Khoudia Diop é uma modelo senegalesa que se destacou na campanha "The Colored Girl: Rebirth" (O renascimento da mulher negra), de Victory Jones e Tori Elizabeth, que tiveram como objetivo valorizar a beleza negra. Se você der uma olhada no catálogo, todas as mulheres são pigmentadas, a menos que sejam negras-albinas, o que parece dar um contraste exotizante à "lucrativa paleta". Enquanto parte execrável da internet se prestou a violentar Khoudia Diop diretamente, uma parcela mais benevolente me preocupou. Inimigos declarados são "caras maus" rastreáveis. 

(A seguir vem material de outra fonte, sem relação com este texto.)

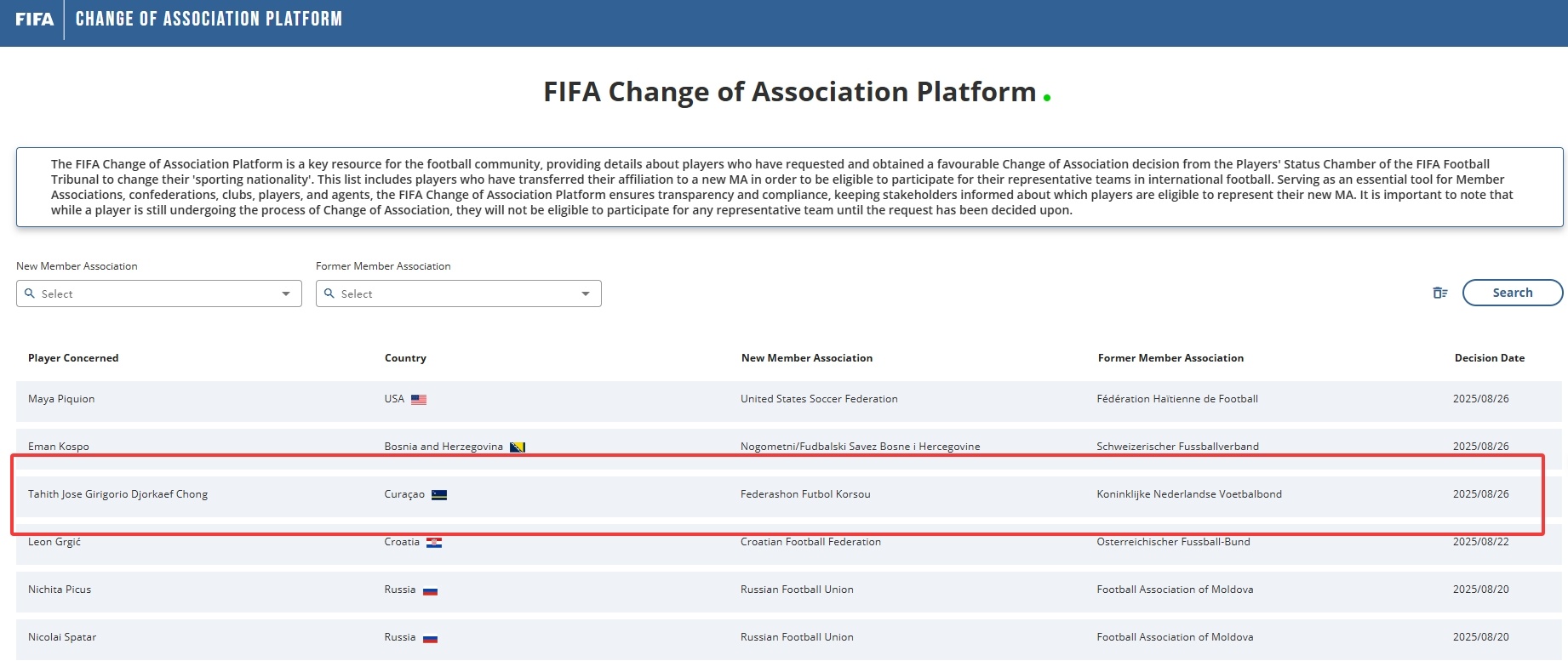 08月27日讯 FIFA球员会籍变更系统显示,25岁的华裔球员陈达毅(Tahith Jose Girigorio Djorkaef Chong)已经从荷兰足协转换到库拉索足协。这也意味着,陈达毅最终还是与中国国足无缘。

Não foram poucos os tópicos em grupos feministas do Facebook que discutiram a beleza "exótica" de Khoudia. Primeiro que as pessoas (sobretudo mulheres brancas) se diziam "apaixonadas" enquanto a chamavam de todo e qualquer tipo de superlativo, mas nunca pelo nome. É mais ou menos a recorrente ideia de que Viola Davis é Deus, ideia que nega tanto o passado de escravidão e Jim Crow, quanto o presente de violências, Suponho que Deus não tem que lidar com papéis em filmes como Histórias Cruzadas (The Help!) e nem com com a ausência de papéis que desembocam em premiações. Enfatizar qualidades não apaga os privilégios simbólicos conferidos pela branquidade.

Outro ponto intrigante nos tópicos foi o modo como as garotas descreviam as qualidades de Khoudia. A maioria delas se referia à modelo como "pintada à mão", como se todo ser humano fosse na verdade branco (neutro? transparente?), e que as demais é que fossem acrescidas de cor. Sinto informá-las, mas branco é uma cor e vocês não conseguiram esconder sua percepção branca sobre o mundo.



Será? Se tiver estômago, leia isso.


Conclusão


Sem dúvidas, o racismo e a branquitude são problemas da sociedade branca, e que nenhuma pessoa negra pode se beneficiar realmente dela. Por outro lado, todas as pessoas são submetidas à mesma realidade social, a ponto de uma pessoa negra sugerir a leitura de "Deus essa gostosa" como uma quebra de estereótipos. Ora, se uma mulher negra num ménage em página dupla for quebra de estereótipo, imagine o que a realidade não é.

Em suma, a ideia desse texto, ao descrever performances de branquitude emprestada ou não, é antes destacar o perigo de ser negro/negra nessa sociedade e não ter consciência negra. É claro que a identidade negra torna consciente uma história inescapável de desempoderamento e dor que se atualiza diariamente e - obvio que não é confortável saber disso o tempo todo - , mas o individuo que não se apodera de sua identidade negra é um alvo fácil dos empréstimos de branquitude. Mal sabem eles e elas que os credores, ao afirmarem que você nem é tão negra assim estão, na verdade, te paralisando, alienando e prestes a lançar juros vitais ao "favor" de te considerar quase igual. Na verdade, todo mundo que não é igual, sabe muito bem que não o é, mas admitir é um problema porque dói. 




NOTA:
(*) Com isso não estou dizendo que negros com pele "clara" são racistas como os brancos, afinal seria muito colorista da minha parte. O que estou dizendo é que o próprio sistema racista ~empresta~ a pessoa menos pigmentada poder para reforcar o abismo entre ser negro ou branco. São apenas engrenagens frágeis e substituíveis.